Database Engine - Cataldo Images

Situation

This database engine was first used on an Apple II computer with 143K floppy drives. The customer needed to store 5,000+ variable length pricing records per disk with instant access. This engine was also used in the MarketOrder Seamless Ordering Legacy system. The database engine had to handle computer crashes at any time. It was built ONLY for lookups and updates and was not built for enumerations.

Companies

Tool Specialty Company (Los Angeles, CA), Wetmore Cutting Tools (City of Industry, CA), MarketOrder.com (Seattle, WA)

Action

This is a very specialized database engine. It was designed for ultra fast lookups and updates. The database had to maintain data integrity and the computer could be powered off at any time without warning. The original Apple II computer had a simple power-off switch and the MarketOrder legacy system used a Telxon 701 handheld computer with batteries that could fall out when dropped (and no backup power). The Apple II version could hold well over 5,000 variable length records on a 143K floppy disk. The MarketOrder version had to store up to 100,000 item records with UPC number, description, price, and qty in less than 4M of RAM. Some of the requirements for the database included:

Data integrity when computer crashes
Ultra fast looks and updates
Data error detection correction
Ability to remotely construct all data in database
Very small code footprint
No indexing for lookups

Implementation: The original database engine wrote data directly to the sectors on the Apple II floppy disk and bypassed the normal file system. The MarketOrder version used a file but wrote to fixed blocks within that file. The engine used a double-hashing algorithm to store and retrieve the records, required no index or directory, included multiple data integrity checks, and could do limited data correction. The database used fixed data blocks (either disk sectors or file blocks). The number of data of blocks was a prime number. The lookup key was hashed using a double hashing function to generate primary and secondary hash values. Other details about the engine include:

The main hashing function used Σ (Prime_i) ^key(i), where P_iis a prime number sequence and ^key(i) is the ordinal value of the ASCII character code minus the ordinal value of ‘0’. This value is the base hash value.
The prime hash value was calculated using the base hash value reduced modulo the table size (a prime). The secondary has value was calculated by reducing the base hash value modulo a smaller prime number.
The initial block number was calculated by subtracting the secondary hash from the primary hash. That value is the first disk sector or the file block to use for the record. When storing a record the engine would try to store that record in the initial block number. If the data block is full then the secondary hash was subtracted from the initial block number and the new value was used as the data block or sector (with wraparound if the value was negative). The subtraction process continues five times before the database is considered as full.
Each data block contained the data length which pointed to the first free byte in the block. Each data record started with a length field. When the record length was added to the current block position the result would be the length field of the next record or the first free byte in the block. Traversing all records in the block will end at the byte pointed to by the block length.
All records in the block were in key sorted order. Thus a linear search was performed within the block and when the current key was greater than the search key the block search ended (record not found). This also acted as a data integrity check. If the keys were out of order then an error occurred and corrective measures could be taken.
Unused bytes in each data block were zeroed. If there were data bytes past the end of the records then something went wrong and corrective measures could be taken.

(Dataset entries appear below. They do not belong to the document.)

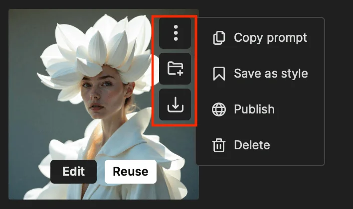 Чтобы сохранить сгенерированное изображение, нажмите на характерный значок со стрелочкой. Для добавления в проекты — на иконку с папкой. Вы можете сохранить промпт или стиль изображения для других генераций, опубликовать картинку на сайте сервиса или удалить ее, нажав на три точки.
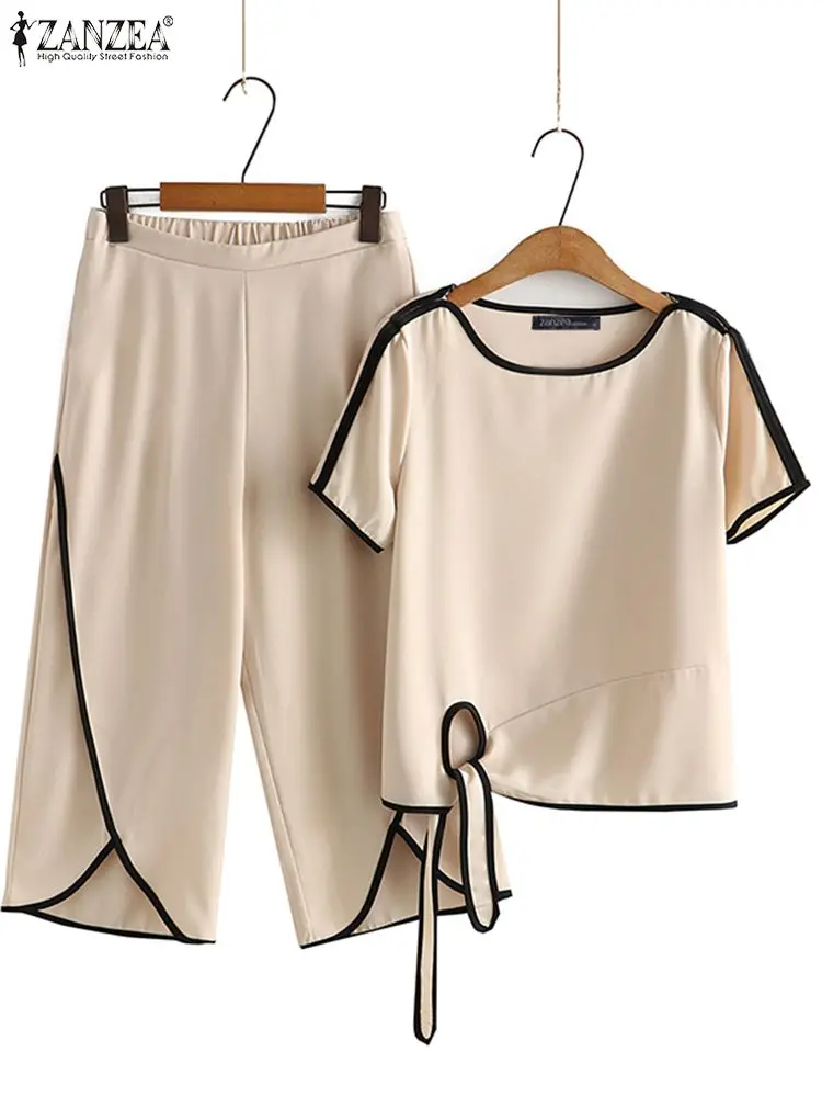 Костюм ZANZEA женский летний из 2 предметов, модные брюки с цветными вставками, повседневный бандажный топ с вырезами, винтажный наряд с разрезными манжетами
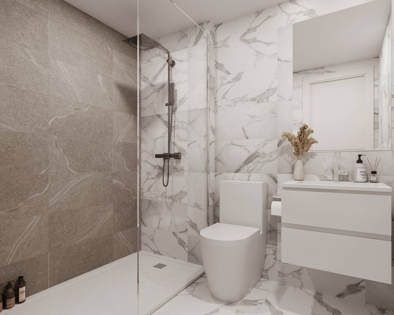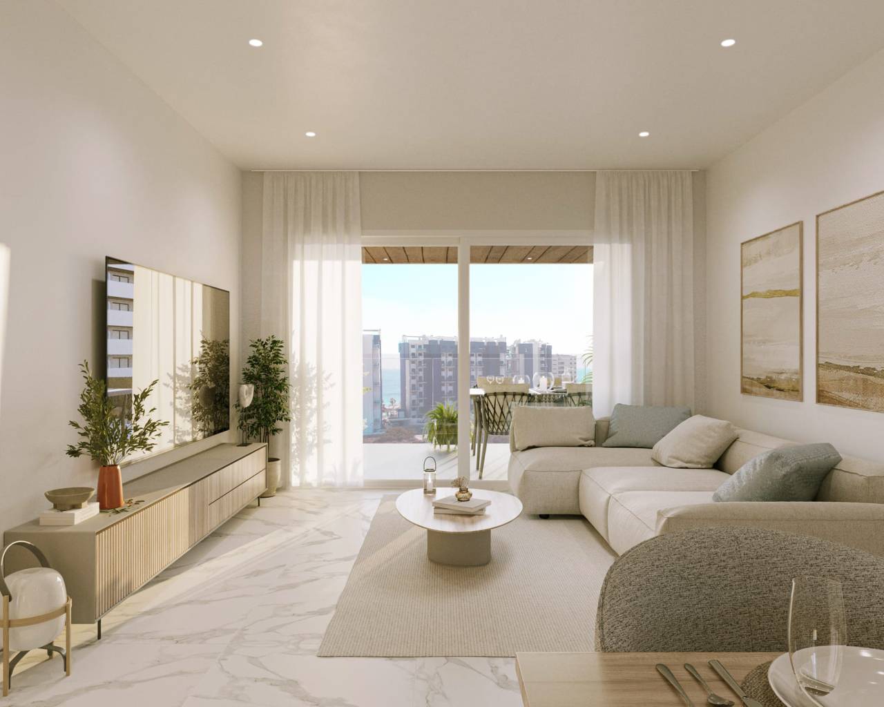 El interior de las viviendas en este residencial de Punta Prima está diseñado para ofrecer el máximo confort y funcionalidad. Con opciones de 2 y 3 dormitorios y 2 baños, estas propiedades se adaptan a diversas necesidades familiares. Los suelos de gres porcelánico aportan un toque de elegancia y durabilidad, mientras que el sistema de aire acondicionado garantiza un ambiente agradable durante todo el año. Las cocinas están equipadas con electrodomésticos modernos, facilitando las tareas diarias. Los armarios empotrados ofrecen un almacenamiento eficiente, manteniendo el espacio ordenado y despejado. Además, las persianas eléctricas y el videoportero añaden un nivel extra de comodidad y seguridad, haciendo de estas viviendas un lugar ideal para vivir.
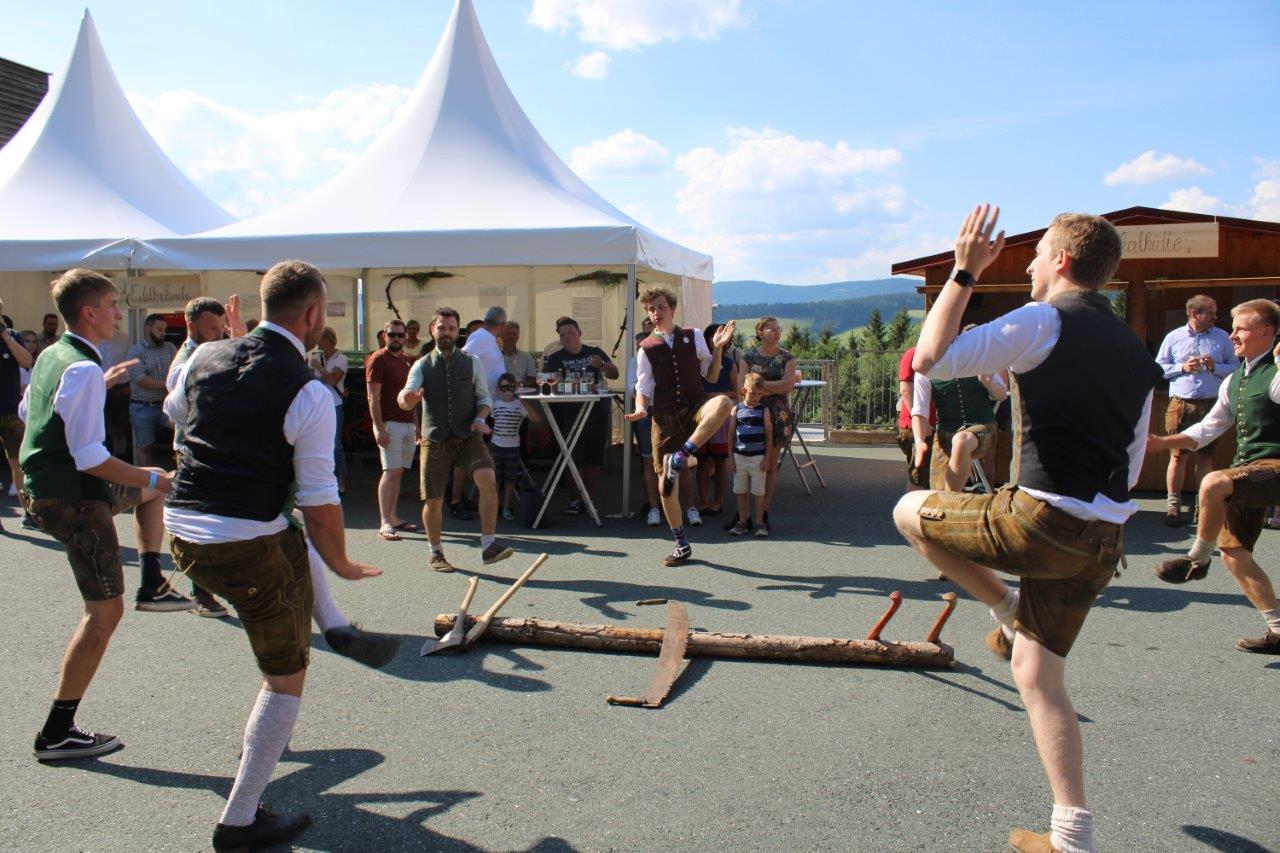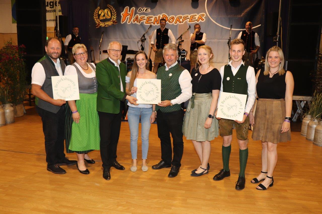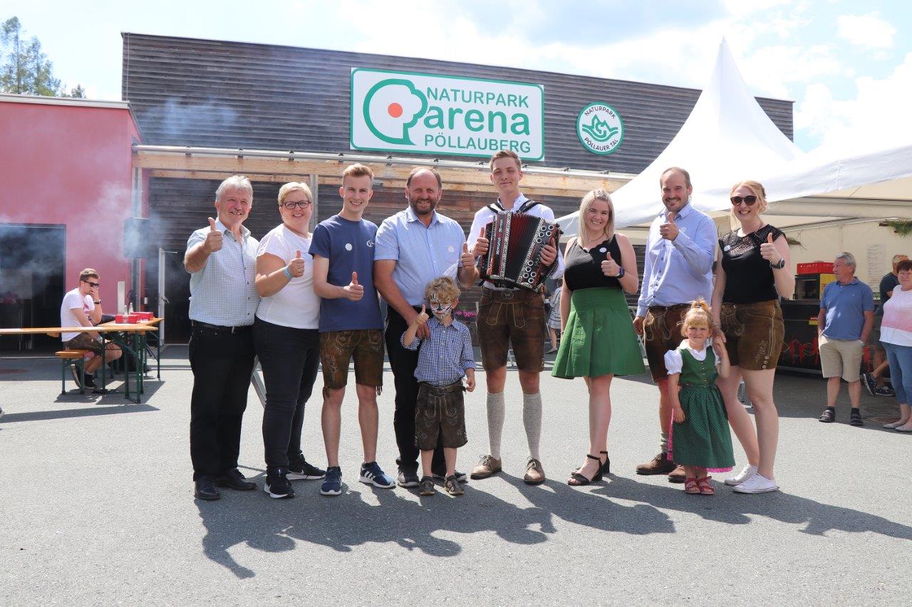 Als Alternative zum Bezirksbauernball, der heuer erneut der Pandemie zum Opfer fiel, luden der Bauernbund und die Landjugend rund um Sonnwend zum ersten Bezirksbauern-Sommerfest in die Naturparkarena Pöllauberg. Und das Programm hatte jede Menge zu bieten. Zu den Highlights zählten Schuhplattlervorführungen der Landjugend Ortsgruppe Hartberg, Überflüge der Steirischen Hagelabwehr und Top-Unterhaltung mit der Band „Die Hafendorfer“. Birgit Kropf aus Puch bei Weiz durfte sich für den Entwurf des Festlogos über einen tollen Preis freuen.

The original test version of this engine used a more standard hashing function similar to ones that you might find in a computer science textbook. I found that these functions did not evenly distribute the data in the data blocks. The records clumped into groups with other data blocks containing fewer records. A computer science professor at the time told me that this phenomenon was called “harmonic clustering” and the record collided based on the mathematical harmonics of the hashing function. The final hashing was based on the prime number sequence was suggested by a math professor. He had no idea if that would work but his intuition told him that it might (and it did).

This database engine would normally find a record with a single access and required no indexes. The Telxon version used a simple blocked file and the file was opened, the record was found, and the file was closed. Since the Telxon 701 used a RAM-based file system this file open/close required very little overhead and was exceedingly fast. Since the engine require no directories or indexes the computer could crash at any time and crashed would almost never affect the data. If the computer crashed in the middle of a write operation the integrity check would catch the error and reconstruction routines could recover or fix the data. The database ran very comfortable even when the storage medium was over 90% full.

The MarketOrder version used Boolean masking when performed the hashing calculations. This way computers with differ word lengths and different math engines would always calculate the same hash values. The Telxon 701 used an 8-bit CPU with 16-bit words and the PCs at the time used different word lengths. When calculating the hashes each intermediate result was ANDed with a bit mask to ensure that the results did not exceed the 16-bit word length. The PC would thus create a populated database and this file could be copied to the 701 and the lookups.

Outcome

This database engine was used for years in the machine shops for pricing records. The MarketOrder version allowed an outdated legacy handheld computer to operate on a huge database. The legacy system required lookups for all items in a large department store. A 100,000 item lookup and pricing table could be stored in a mere 4MB and the engine would comfortable operate on an 8-bit legacy CPU.

Before implementing this database engine we tried using a very well-known database system. After several weeks the company engineers stopped trying to make it work. Their database required too much processing power and could not compress the data sufficiently to meet the requirements. The off-the-shelf database did not even come close to working.

Benefits

This database engine was very fast, very robust, almost impervious to data errors, and each data block was checked with each record access. The data checking tool took almost no CPU time and added an additional level of reliability. The MarketOrder version allowed legacy terminals to function at a much high level than previously possible. The legacy application was a bridge measure. The customer had a huge investment in the equipment and the old equipment could be used until the hardware failed. When the hardware failed it would be replaced by a more modern device.

Product Details

The original database engine used the following:

Apple IIC/E with 143K floppy data drive
Forth programming language

The prototype application used the following:

Telxon PTC-701 handheld DOS terminals (legacy hardware)
Borland C++ compiler (legacy hardware)
Microsoft Visual Studio (new hardware)